DATA FOR THE TASK Block Start
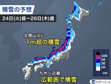 市区町村単位で大雪情報がわかる「大雪ピンポイント」配信、ウェザーニュースアプリで
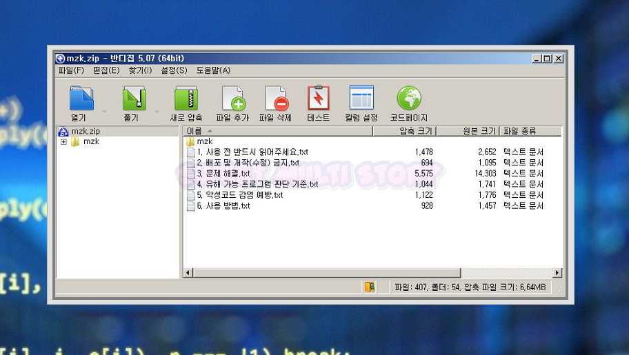 ▲ 다운로드 받은 파일은 mzk 프로그램이 들어있는 압축 파일입니다.
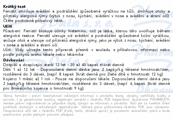 Fenistil zmírňuje svědění a podráždění způsobené vyrážkou na kůži, zmírňuje otoky a příznaky alergické rýmy (výtok z nosu, kýchání, svědění v nose a svědění a slzení očí). Čtěte pozorně příbalový leták.
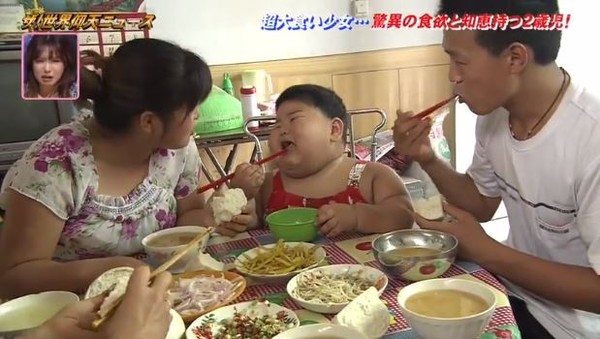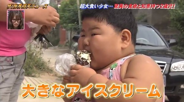 9 năm trước, một chương trình tạp kỹ của Nhật Bản đã đến Trung Quốc đại lục đưa tin về một cô bé mới 2 tuổi đã nặng 43kg. Việc đầu tiên mà cô bé họ Vương làm mỗi khi thức dậy đó là thưởng thức một bàn bữa sáng thịnh soạn, chỉ trong chốc lát cô bé có thể ăn hết 10 phần bánh bao nhân thịt, cơm, thức ăn và canh, sau đó là dưa hấu và một vài loại hoa quả khác. Sau 1 tiếng, cô bé lại trèo lên xe máy cùng mẹ đến cửa hàng tạp hóa ăn kem.
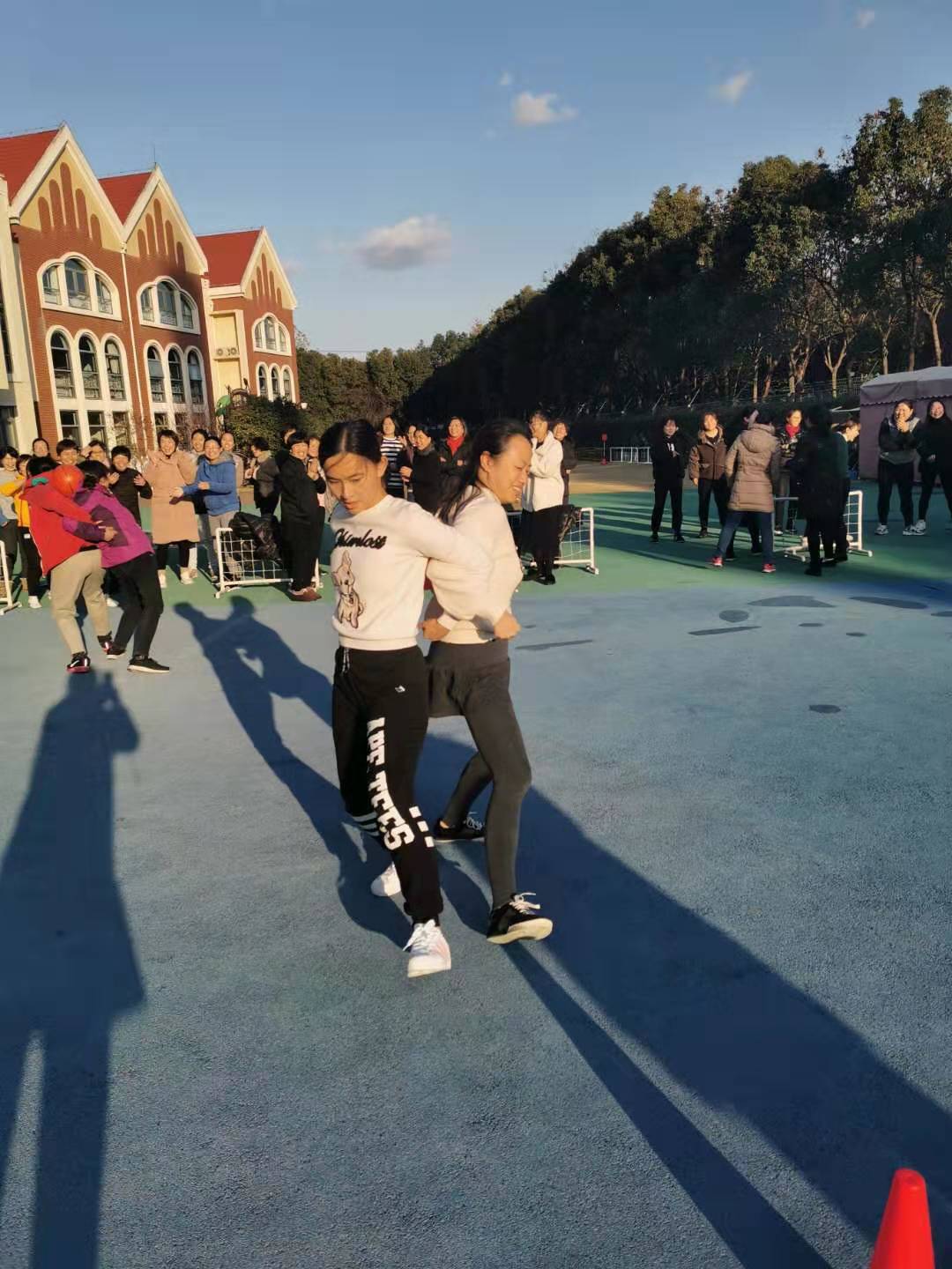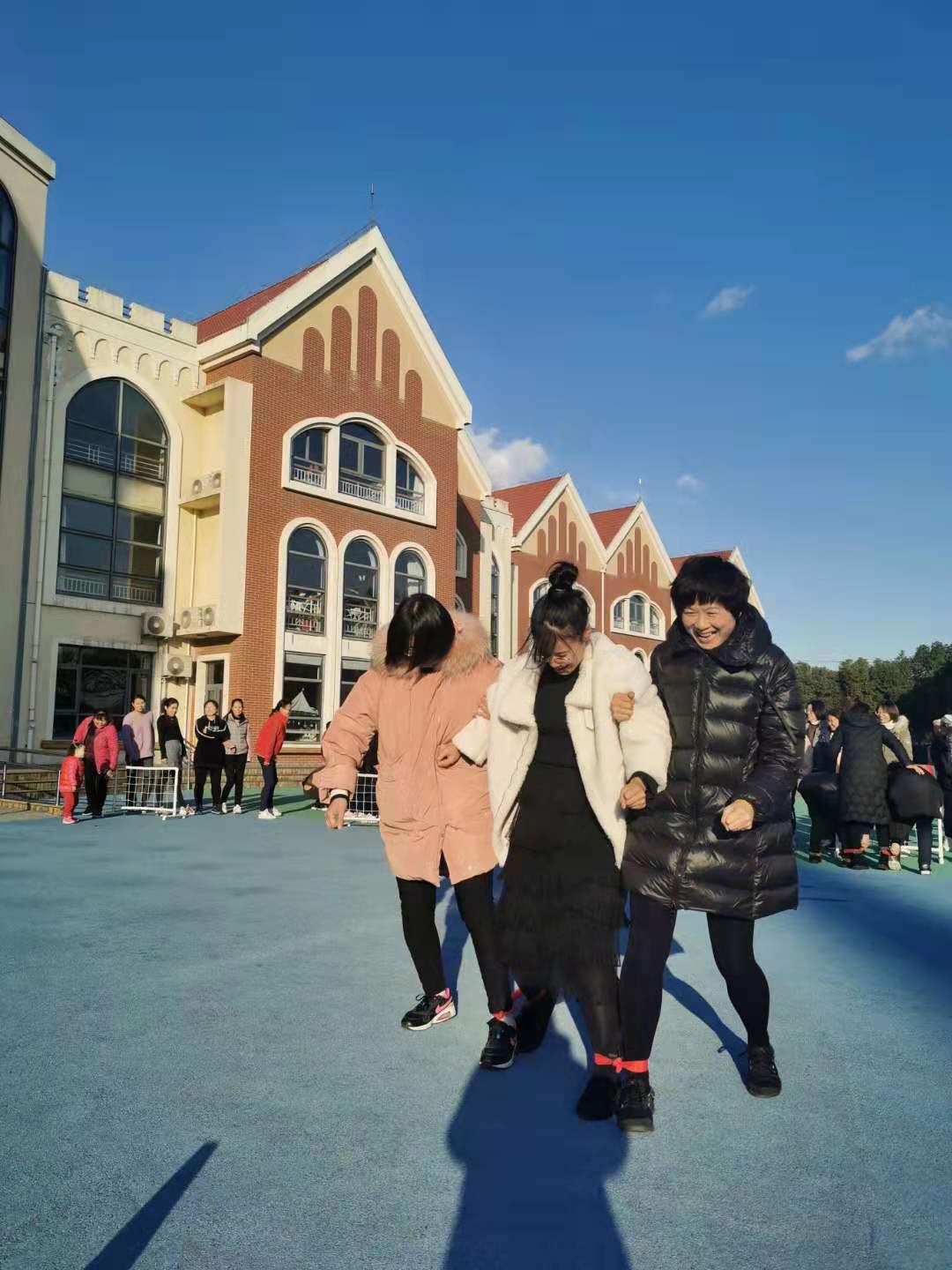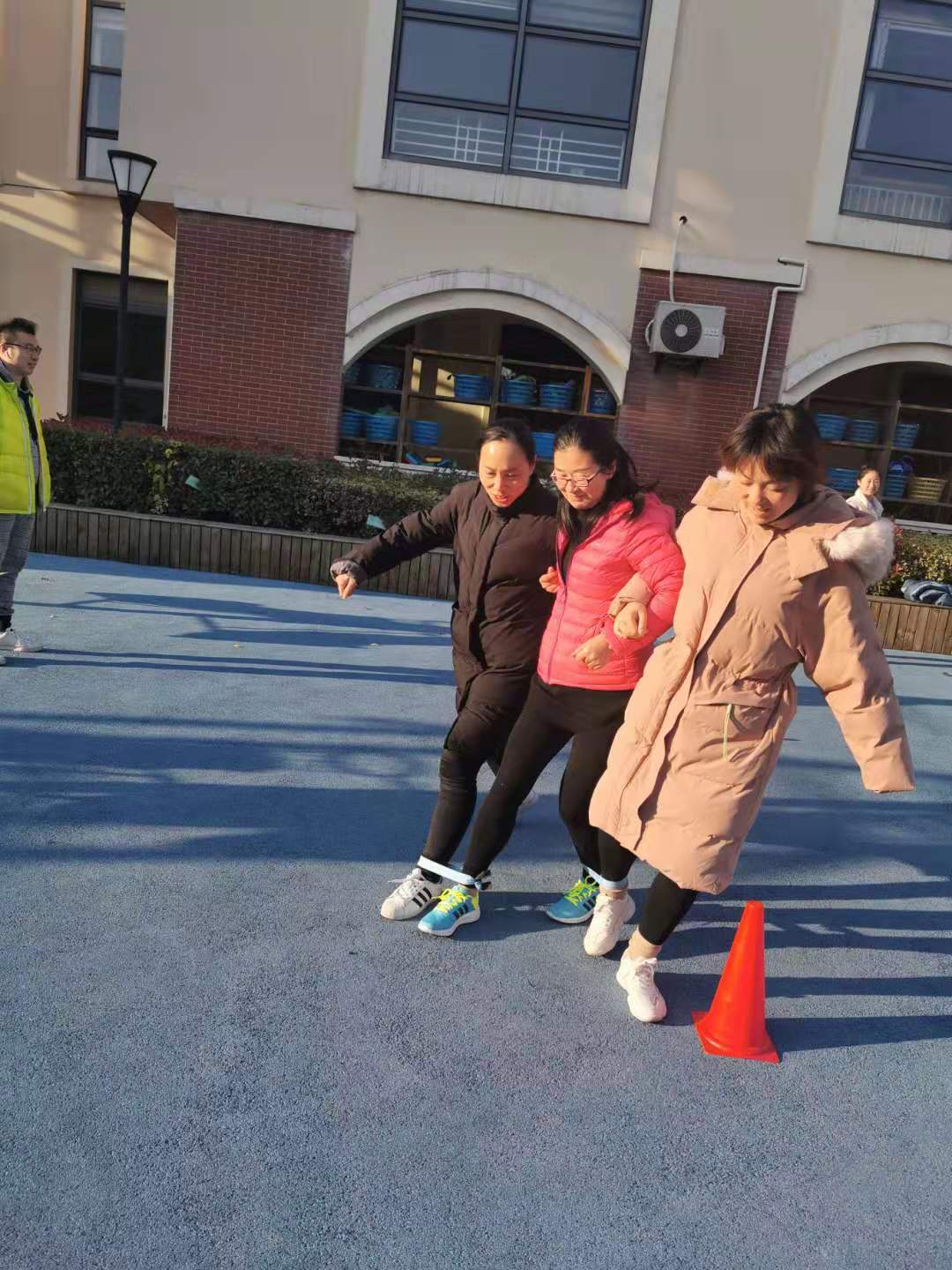 瞧,三人两足的比赛活动中,教师们三人互相拥抱搀扶,探索如何走得稳又快的技巧,在行进过程中,一声声“一二一二”的整齐的步伐声,一声声教师伙伴们的加油鼓劲声响彻整个操场,比赛中的欢声笑语、笑容满面在晚霞的映衬下宛如一道美丽的风景线!
DATA FOR THE TASK Block End
Retype the lines from the one containing "9 năm trước, một" down to the last line of the records, both included, exactly and nothing more. Pictures stay out.

**WRITTEN ANSWER**
 9 năm trước, một chương trình tạp kỹ của Nhật Bản đã đến Trung Quốc đại lục đưa tin về một cô bé mới 2 tuổi đã nặng 43kg. Việc đầu tiên mà cô bé họ Vương làm mỗi khi thức dậy đó là thưởng thức một bàn bữa sáng thịnh soạn, chỉ trong chốc lát cô bé có thể ăn hết 10 phần bánh bao nhân thịt, cơm, thức ăn và canh, sau đó là dưa hấu và một vài loại hoa quả khác. Sau 1 tiếng, cô bé lại trèo lên xe máy cùng mẹ đến cửa hàng tạp hóa ăn kem.
 瞧,三人两足的比赛活动中,教师们三人互相拥抱搀扶,探索如何走得稳又快的技巧,在行进过程中,一声声“一二一二”的整齐的步伐声,一声声教师伙伴们的加油鼓劲声响彻整个操场,比赛中的欢声笑语、笑容满面在晚霞的映衬下宛如一道美丽的风景线!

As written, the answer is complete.